Hence, point P can be given as
$=P\left( a{{t}^{2}},2at \right)$
Put a = 2, t = -1
We get
$=\left( 2{{\left( -1 \right)}^{2}},2\times 2\times \left( -1 \right) \right)$
= P (2, -4)
Now, we need to find a circle passing through the centre of ${{x}^{{}}}+{{\left( y+6 \right)}^{2}}=1$ and having centre
(2, -4).
So, we can write the equation of the circle with centre (2, -4) from the standard form of the circle from the equation (ii). So,
We get
${{\left( x-2 \right)}^{2}}+{{\left( y+4 \right)}^{2}}={{r}^{2}}$ …………….. (vi)
Where r is the radius of the circle.
As, now equation (vi) is passing through the centre of the circle of equation (i), i.e. through (0, -6). So, now we can put (0, -6) to equation (vi). Hence, we get
$\begin{align}
  & {{\left( 0-2 \right)}^{2}}+{{\left( -6+4 \right)}^{2}}={{r}^{2}} \\
 & 4+4={{r}^{r}} \\
 & {{r}^{2}}=8 \\
\end{align}$
$r=2\sqrt{2}$……………….. (vii)
Now, put the value of r from the above equation to equation (vi). So, we get
$\begin{align}
  & {{\left( x-2 \right)}^{2}}+{{\left( y+4 \right)}^{2}}={{\left( 2\sqrt{2} \right)}^{2}}=8 \\
 & {{x}^{2}}+4-4x+{{y}^{2}}+16+8y=8 \\
 & {{x}^{2}}+{{y}^{2}}-4x+8y+12=0 \\
\end{align}$
Hence, option (b) is the correct option.

Note: One can suppose general point on the parabola ${{y}^{2}}=8x$ as well i.e. as $\left( {{h}_{1}}k \right)$ or any else.

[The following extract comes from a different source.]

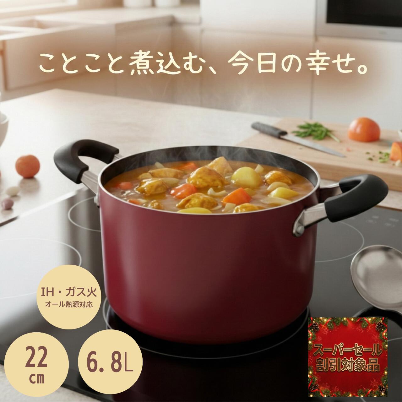 半寸胴鍋 22cm 5.5L ガラス鍋...

But here, we need to use the relation ${{k}^{2}}=8h$ (if point supposed is $\left( {{h}_{1}}k \right)$) with the whole equation. As the number of variables will be reduced if we use parametric coordinates on any conic rather than supposing any general point and solution will get flexible as well by using parametric coordinates. Use the concept of tangent at any curve that tangent always touches any curve at only one point.
One may make the solution complex if he/she differentiate the equation of length from to point in its square root form. As we know ‘z’ will be minimum. So, minimize the square of distance between the centres.